Außer in ihren Träumen.
»Wir haben dich sehr in unser Herz geschlossen, Blair, und wünschen uns nichts mehr, als dass du bald ein vollwertiges Mitglied unserer Familie wirst, aber in dieser Beziehung muss ich leider hart bleiben«, erklärte Chappy ihr geduldig, als wäre sie eine Wählerin, die sich weigert, irgendein obskures politisches Verfahren zu verstehen. »Ich habe vier Jungs großgezogen, und auch wenn Pete sich dir gegenüber hoffentlich immer wie ein Gentleman benommen hat, habe ich mit den Kerlen, was die Frauenwelt angeht, schon Dramen erlebt, die alles übersteigen, was das Studententheater in Yale jemals auf die Bühne gebracht hat.« Er schüttelte sorgenvoll den Kopf.

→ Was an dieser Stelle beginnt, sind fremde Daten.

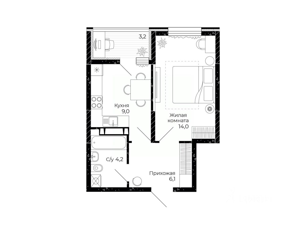 Общая площадь34,9 м2

»Warum tust du dich nicht mit ein paar Freundinnen zusammen, und ihr macht so richtig einen drauf!«, regte Petes Schwägerin Sarah an, die in einer Ecke des Raums saß und ihren gigantischen Achtmonatsbauch streichelte. »Als ich von der Familienregel erfahren habe, bin ich mit den Mädchen aus meiner Studentenverbindung nach Cancún gefahren!« Bei der Erinnerung daran flog ein versonnenes Lächeln über ihr dezent gebräuntes herzförmiges Gesicht.
»Ach?« Ihr Mann Randy warf ihr einen überraschten Blick zu. »Das wusste ich gar nicht.«
»Tut mir leid, Junge!« Chappy klopfte Pete auf den Rücken. »Und du, Scout, nimmst es mir hoffentlich auch nicht krumm!«
Blair starrte hasserfüllt auf das Gemälde über dem Kamin, das ein Schiff in einem tosenden Sturm zeigte. Wie konnte man sich bloß ein so dermaßen langweiliges, völlig nichtssagendes Bild an die Wand hängen? Und was war das überhaupt für ein debiler Spitzname - Scout?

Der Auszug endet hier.